In [1]:
# This Python 3 environment comes with many helpful analytics libraries installed
# It is defined by the kaggle/python Docker image: https://github.com/kaggle/docker-python
# For example, here's several helpful packages to load

import numpy as np # linear algebra
import pandas as pd # data processing, CSV file I/O (e.g. pd.read_csv)

# Input data files are available in the read-only "../input/" directory
# For example, running this (by clicking run or pressing Shift+Enter) will list all files under the input directory

import os
for dirname, _, filenames in os.walk('/kaggle/input'):
    for filename in filenames:
        print(os.path.join(dirname, filename))
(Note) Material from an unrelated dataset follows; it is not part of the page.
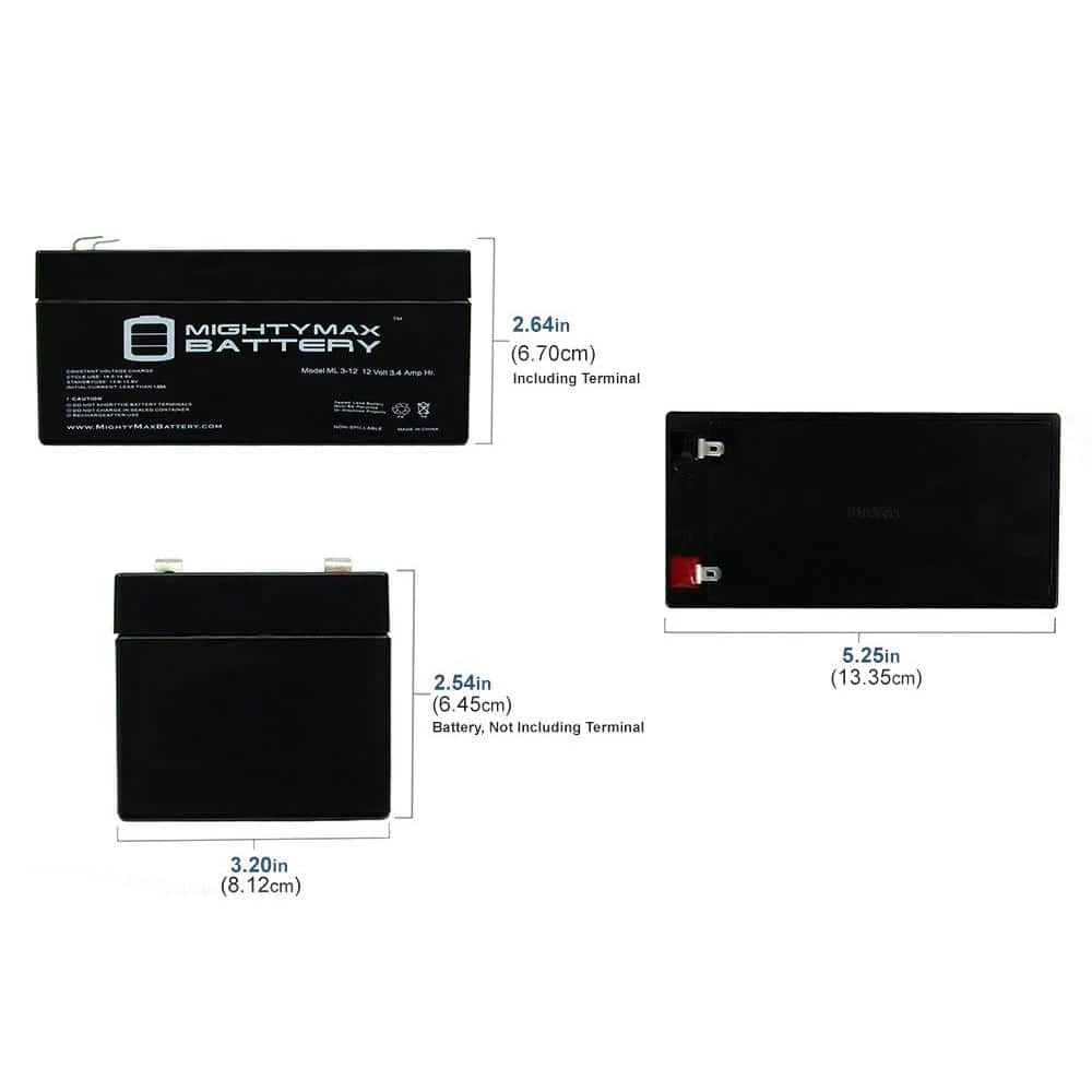 Delivering power when you need it, the MIGHTY MAX ML3-12 12-Volt 3 Ah uses a state of the art, heavy-duty, calcium-alloy grid that provides exceptional performance and service life in both float and cyclic applications. The ML3-12 is an Absorbent Glass Mat (AGM) technology with a valve regulated design, that can be used in enclosed and indoor environments without leaking or maintenance, providing a superior performance for thousands of models. MIGHTY MAX SLA batteries are utilized in a wide variety of applications including, Consumer Electronics, Electric Vehicles, Engine Starters, Golf Carts, Hunting, Lawn and Garden Tools, Medical Mobility, Motorcycles, Power sports, Portable Tools, Solar, Toys and Hobby, Access Control Devices, Emergency Lighting, Security and more.

# You can write up to 20GB to the current directory (/kaggle/working/) that gets preserved as output when you create a version using "Save & Run All" 
# You can also write temporary files to /kaggle/temp/, but they won't be saved outside of the current session

/kaggle/input/cafa-6-protein-function-prediction/sample_submission.tsv
/kaggle/input/cafa-6-protein-function-prediction/IA.tsv
/kaggle/input/cafa-6-protein-function-prediction/Test/testsuperset.fasta
/kaggle/input/cafa-6-protein-function-prediction/Test/testsuperset-taxon-list.tsv
/kaggle/input/cafa-6-protein-function-prediction/Train/train_terms.tsv
/kaggle/input/cafa-6-protein-function-prediction/Train/train_sequences.fasta
/kaggle/input/cafa-6-protein-function-prediction/Train/train_taxonomy.tsv
/kaggle/input/cafa-6-protein-function-prediction/Train/go-basic.obo


Cell 1

In [2]:
BASE_DIR = "/kaggle/input/cafa-6-protein-function-prediction"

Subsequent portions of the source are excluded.